New technologies and processes, such as continuous security, zero trust and machine learning, can help agencies protect sensitive data.
The SolarWinds attack is already being described as one of the worst cyber-espionage cases in history. This massive hack has compromised local, state and federal agencies in the U.S., as well as the European Parliament and NATO.
The sweeping impact of this data breach, which keeps broadening as new information emerges, is a shrill wake-up call for government organizations to rethink their data protection strategies.
Anatomy of the SolarWinds attack
In March 2020, attackers injected a malicious Trojan into an update of the SolarWinds Orion IT infrastructure management software, which was then inadvertently distributed by SolarWinds and installed as an update to all Orion users -- 18,000 government and private users downloaded the compromised versions.
Supply-chain attacks of this nature are particularly difficult to defend because they package malware inside a trusted piece of software. Once inside the target's network, the malware often spreads laterally to other machines or steals sensitive data by exploiting additional vulnerabilities.
The breach was revealed in December 2020 by cybersecurity firm FireEye, which had installed the Orion update. FireEye discovered that the attackers had stolen its “red team” hacking tools and compromised internal networks. Microsoft also detected malicious SolarWinds applications in its environment. Although Microsoft has tried to downplay the attack's impact, the mere fact that it was targeted is cause for concern.
What can government agencies learn from this attack?
Findings show that malicious code was installed in 18,000 sensitive networks, operating without disruption from March to December 2020. How did this malware evade detection for so long?

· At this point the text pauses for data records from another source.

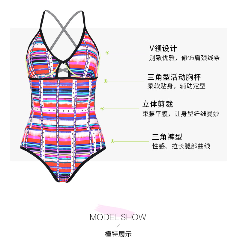 | 袖长: 无袖 | 款式: 三角连体泳衣 |
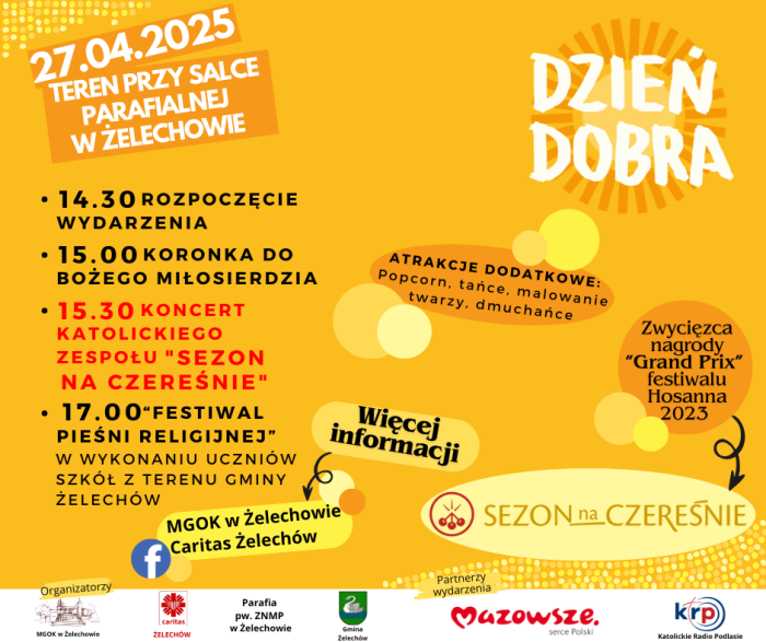 Spotkanie rozpocznie się o godz. 15.00 Koronką do Bożego Miłosierdzia. Następnie - o 15.30 wystąpi gwiazda tego popołudnia - zespół "Sezon na czereśnie". To wyjątkowy chrześcijański zespół, którego hasłem przewodnim jest biblijny cytat: "Abyście szli i owoc przynosili". Ich koncert będzie znakomitą okazją do wspólnego uwielbienia Boga poprzez muzykę i śpiew. A o godz. 17.00 po raz pierwszy odbędzie się Festiwal Pieśni Religijnej, podczas którego wystąpią młodzi artyści z terenu Gminy Żelechów.Organizatorami wydarzenia są: Miejsko-Gminny Ośrodek Kultury w Żelechowie, Caritas Żelechów, Parafia pw. ZNMP w Żelechowie i Gmina Żelechów.
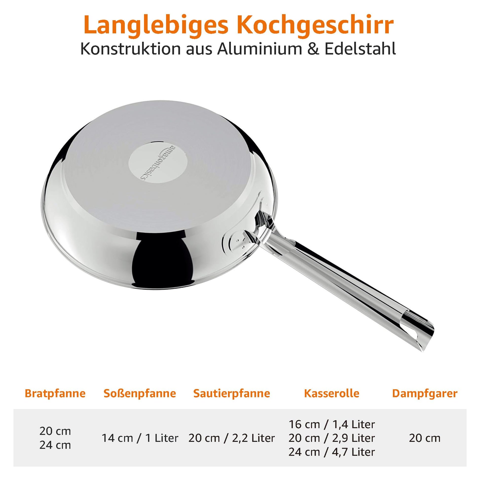 Statten Sie Ihre Küche mit diesem umfassenden, elfteiligen Kochgeschirr-Set von Amazon Basics aus. Gefertigt aus langlebigem Edelstahl, bietet es die ideale Grundlage für eine Vielzahl von Gerichten, vom schnellen Anbraten bis zum schonenden Dämpfen.
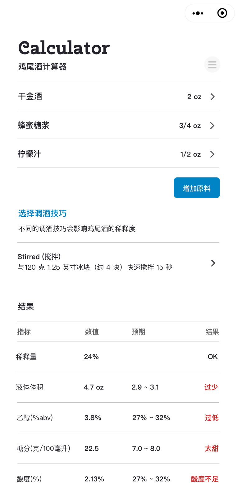 cocktail chemistry 的计算器其实非常棒,它可以直观的告诉你的鸡尾酒是否可能不足。
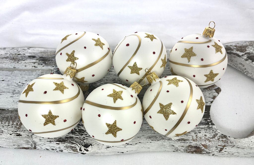 Sklenené vianočné guličky v bielej matnej farbe s hviezdičkami a červenými bodkami .
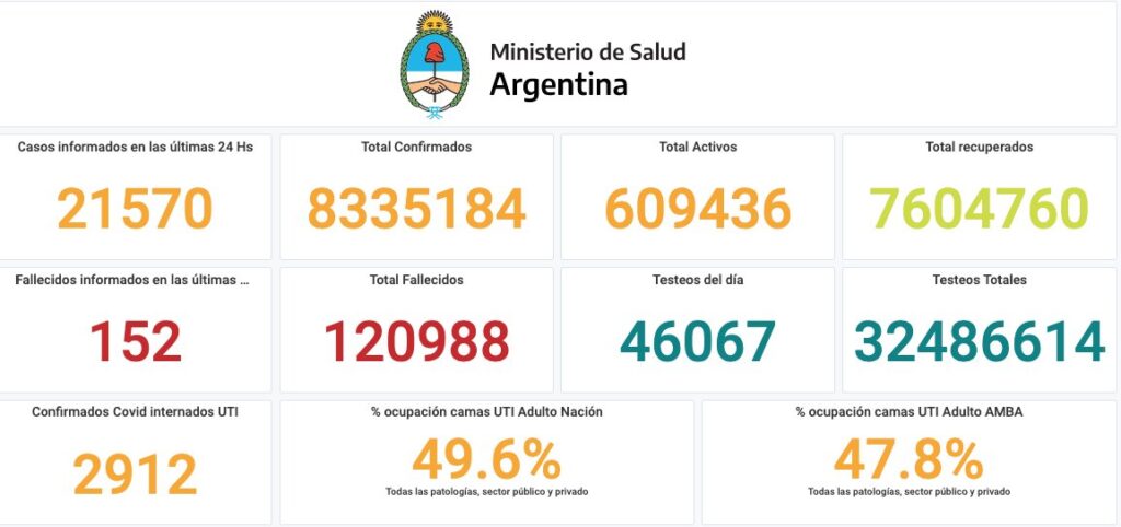 El Ministerio de Salud de la Nación informó este domingo que se registraron 21.570 nuevos contagios de coronavirus y 152 muertes. Con estos datos, el total de casos positivos desde el inicio de la pandemia se elevó a 8.335.184, mientras que las víctimas fatales suman 120.988.
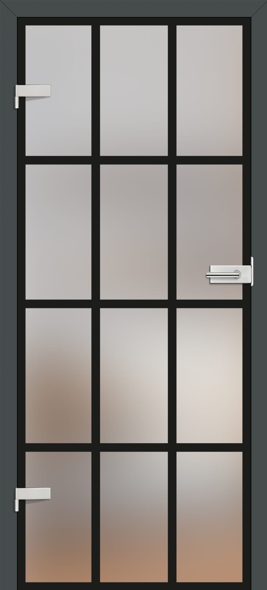 KONSTRUKCJA • szkło hartowane 8 mm, szkło 8 mm barwione w masie (GRAF 26) • możliwość zmiany strony szklenia na REWERS (AWERS szklenie standardowe) • szkło mleczne lub bezbarwne z wzorami malowanymi na czarno lub biało • szerokość (grubość) linii w modelu GRAF 1, 6, 17, 35, 36, 38 wynosi 30 mm • opcjonalnie za dopłatą panele górne poszerzające ościeżnicę – str. 134 OŚCIEŻNICA STAŁA I REGULOWANA • ceny ościeżnic regulowanych i stałych do skrzydeł przylgowych str. 161-163 • brak możliwości zastosowania elektrozaczepu • w ościeżnicach do tafli szklanych stosowany jest zawias z trzpieniem 10 mm • w ościeżnicy regulowanej i stałej możliwość zmiany blachy zaczepowej (za dopłatą) na kolor czarny malowany proszkowo • DO SKRZYDEŁ SZKLANYCH GRAF DOSTĘPNE SĄ TYLKO OŚCIEŻNICE PRZYLGOWE WE WSZYSTKICH DOSTĘPNYCH DEKORACH, OŚCIEŻNICE STALOWE ORAZ OŚCIEŻNICA MALOWANA BIAŁY TYTANOWY UV
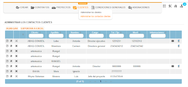 El menú Cliente > “Gestiona los contactos clientes” permite acceder a la lista de contactos clientes de la empresa con el conjunto de informaciones principales. La lista de contactos se presenta en forma de tabla que puede ser exportada en formato xls.
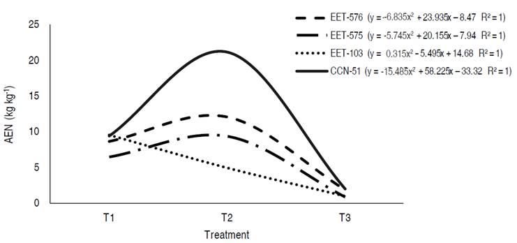 Meanwhile, the highest nitrogen agronomic efficiency (AEN) was seen in clone CCN-51 in the T2 treatment with 21.19 kg kg-1, which means that, for each kilogram of nitrogen applied, the yield increased by 21.19 kg of dry cacao, followed by clone EET-576 in T2 (12.06 kg kg-1), EET-103 in T1 (9.5 kg kg-1), and EET-575 in T2 with 9.39 kg kg-1 (Figure 1). These AEN values exceeded those reported by Puentes et al. (2014a); considering that there was greater fractionation (three times) concerning the mentioned study. CCN-51 excelled in terms of the AeN in the edaphoclimatic conditions of this experiment, surpassing the other clones.
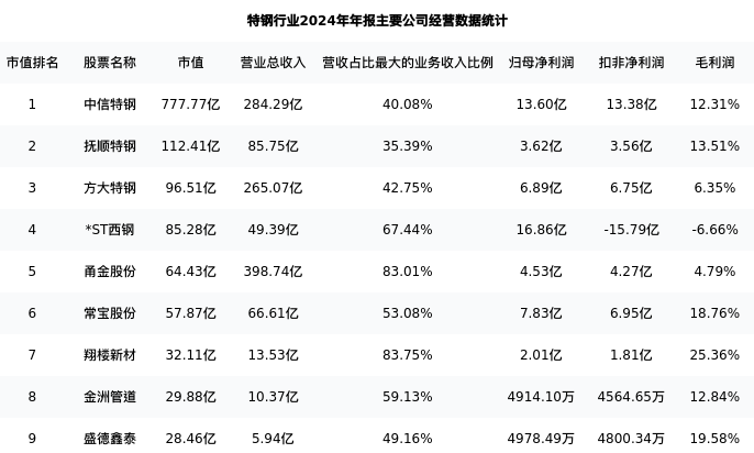 抚顺特钢最新报告期数据为年报,下表汇总了特钢行业内市值靠前的公司年报主要经营数据

The answer is that government and enterprise organizations lack visibility into the security processes of their IT vendors. As cloud services have become integral elements of IT agendas, it’s jarring to see companies like Microsoft, VMware and others being impacted by this supply-chain attack, which could also affect the users of their products and services. To ensure supply-chain security, organizations should require their IT suppliers to implement stringent standards and certifications, such as Open Trusted Technology Provider Standard (O-TTPS).
New approaches to strengthen data protection
The SolarWinds attack highlights the need for new technologies and practices to protect sensitive data, beyond traditional network security, such as firewalls. Governments should consider the following:
Continuous security. The larger the organization, the more complex the process for rolling out software updates and patches. DevOps methodology aims to accelerate these processes, but speed should not come at the expense of security.
The continuous security approach is designed to create the right balance between agility and security. Continuous security implements "pipelines," which are automated security controls, integrated into the continuous integration/continuous delivery process to verify the security of a particular software update or release. This approach can be implemented by vendors or end customers as part of the build and distribution processes, respectively.
Zero trust. As data breaches continue to proliferate, agencies should always assume their internal networks have been penetrated. Since user identities can be easily compromised, every access attempt should be considered “suspicious” until proven otherwise. Based on a "never trust, always verify" approach, zero-trust architectures authenticate each access attempt from every endpoint. By employing a zero-trust approach for data access, storage and management, agencies can build higher walls around their sensitive data.
Machine learning. When combined with a good dataset, machine learning is a powerful tool for predicting user behavior related to application usage, file access, shared folders, etc. It can be used to build user profiles and identify anomalies, which can help detect potential data breaches. The more information agencies feed into a learning model about a user's identity and context, the more effective the results.
Machine learning is particularly potent for "shared everything" architectures, where it can capture signals and share data among globally distributed systems to continually improve security.
Node security. Agencies should incorporate the zero-trust principles into every node in the network and in the traffic in between based on an entity's identity and real-time context. Enriched identity and context for such as devices, location or branch office can be used to enforce data protection policies and help prevent unauthorized access.
Encryption keys. Encrypting data is not enough. Agencies should generate and own the data encryption keys, and no third party -- not even the cloud provider -- should be able to access or control them. On-premises hardware security modules or key management solutions can help centrally manage and secure access to protected information. This added level of control will ensure agency data is not exposed even in the event of a hack.